I've got a lot of thoughts sparked by DiGRA coming, including a long meditation on the dreaded ludology-narratology thing, but first I wanted to mention an interesting sub-theme I noticed weaving its way through the conference: emergence, complex systems, non-human agency, network theory and related topics. Nicholas Glean dealt centrally with these issues. I understand Seth Giddings as also being engaged on these topics, though I missed his paper presentation. I caught a number of other mentions or invocations of these concepts. Michael Mateas and Andrew Stern's Facade (their presentation on it was one of the highlights of the meeting for me) also clearly is a case of emergence, even if they don't explicitly see it as such.
My own paper dealt with the same issues. A draft is available at my blog. I've fiddled with it some since then.

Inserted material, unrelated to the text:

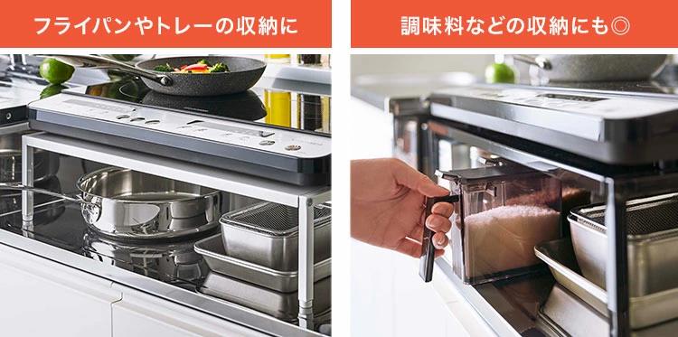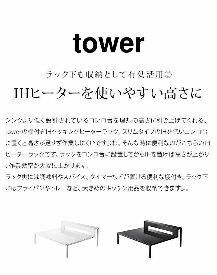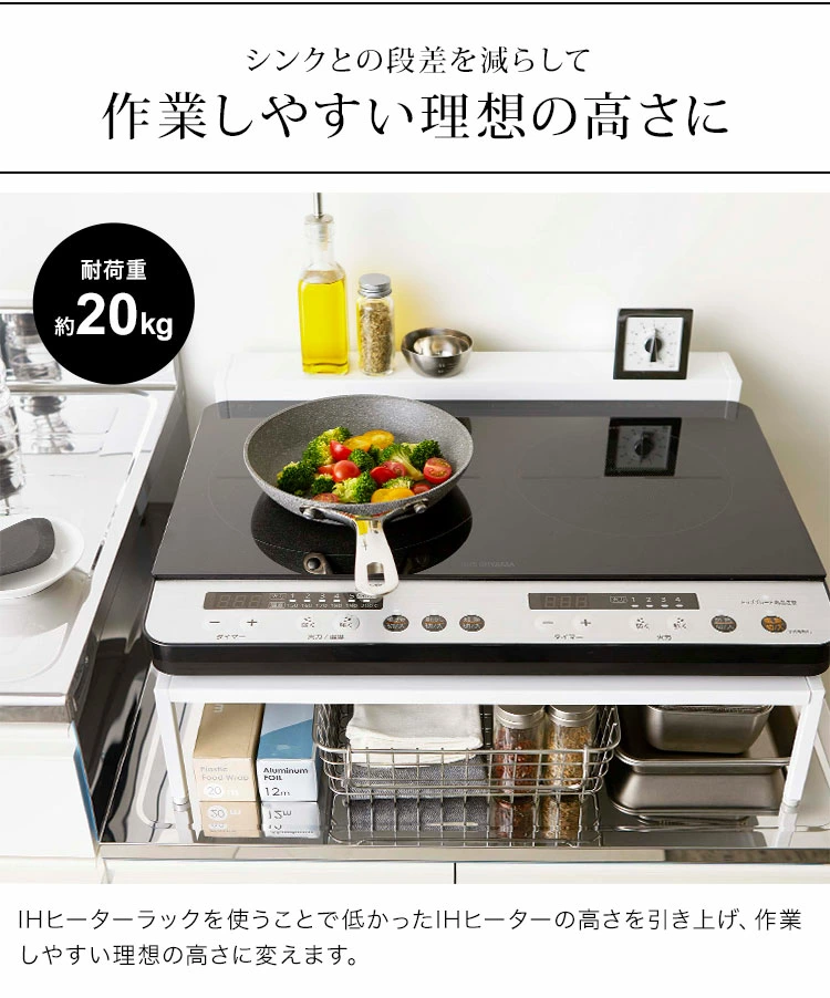 【棚付きIHクッキングヒーターラック】ihヒーターを使いやすい高さに引き上げるタワーの棚付きihクッキングヒーターラックです。シンクより低く設計されているコンロ台を理想の高さに引き上げてくれ、腰への負担を軽減してくれます。コンロ奥に収納棚付きで調味料やタイマーなどを置くことができます。ラック下はフライパンやトレーなど大きめのキッチン用品を収納できます。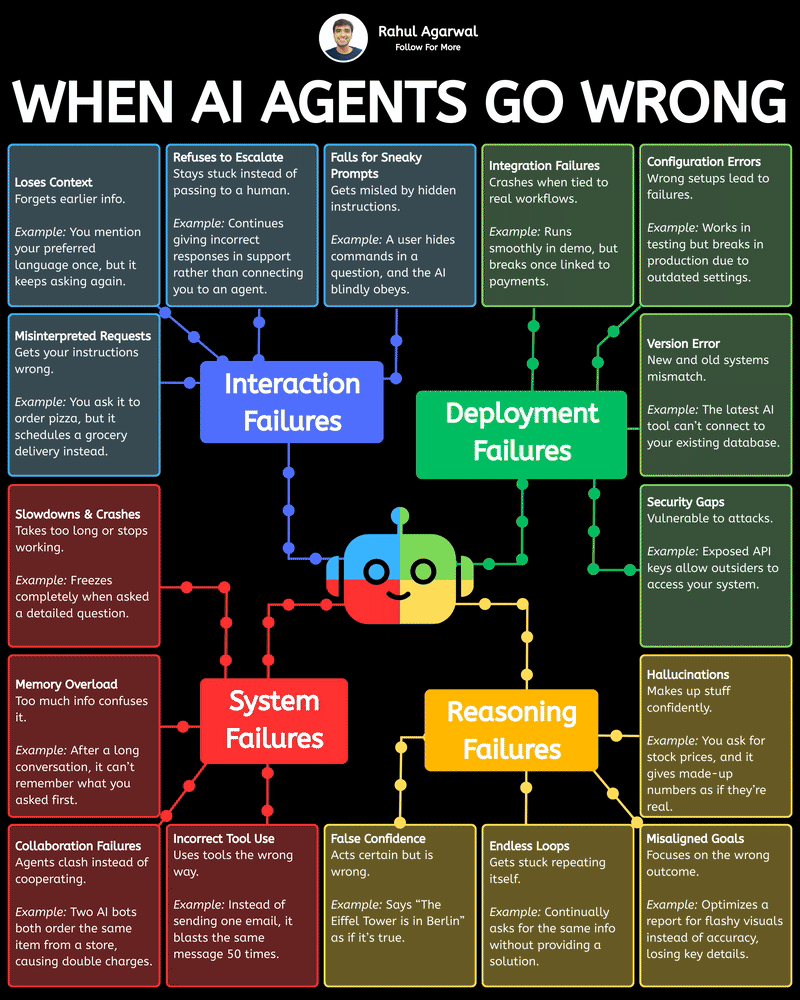 Enough talking about the benefits of AI. But when all does AI go wrong? Letโs take a look at some of the key ways AI can fail: 1๏ธโฃ ๐ฅ๐ฒ๐ฎ๐๐ผ๐ป๐ถ๐ป๐ด ๐๐ฎ๐ถ๐น๐๐ฟ๐ฒ๐ โข ๐ ๐ฎ๐ธ๐ฒ๐ ๐๐ฝ ๐ถ๐ป๐ณ๐ผ๐ฟ๐บ๐ฎ๐๐ถ๐ผ๐ป confidently. โข Focuses on the ๐๐ฟ๐ผ๐ป๏ฟฝ

One thing that I think is important about the general suite of concepts under this heading is that they can be painfully vague or misleading in the wrong hands, or just marketing hype. But in the context of games, at the very least, emergence is a technique for creating the psychologically convincing simulation of life or intentionality. There is clearly a deep mental algorithim that human beings use to sort life and non-life that agent-based emergent systems do a pretty good job of tapping into.
I think there's even more to the concept that's relevant to games, and especially persistent virtual world games. But I'll leave that for the full paper. I do think it's an important concept for game scholars to consider, and consider well.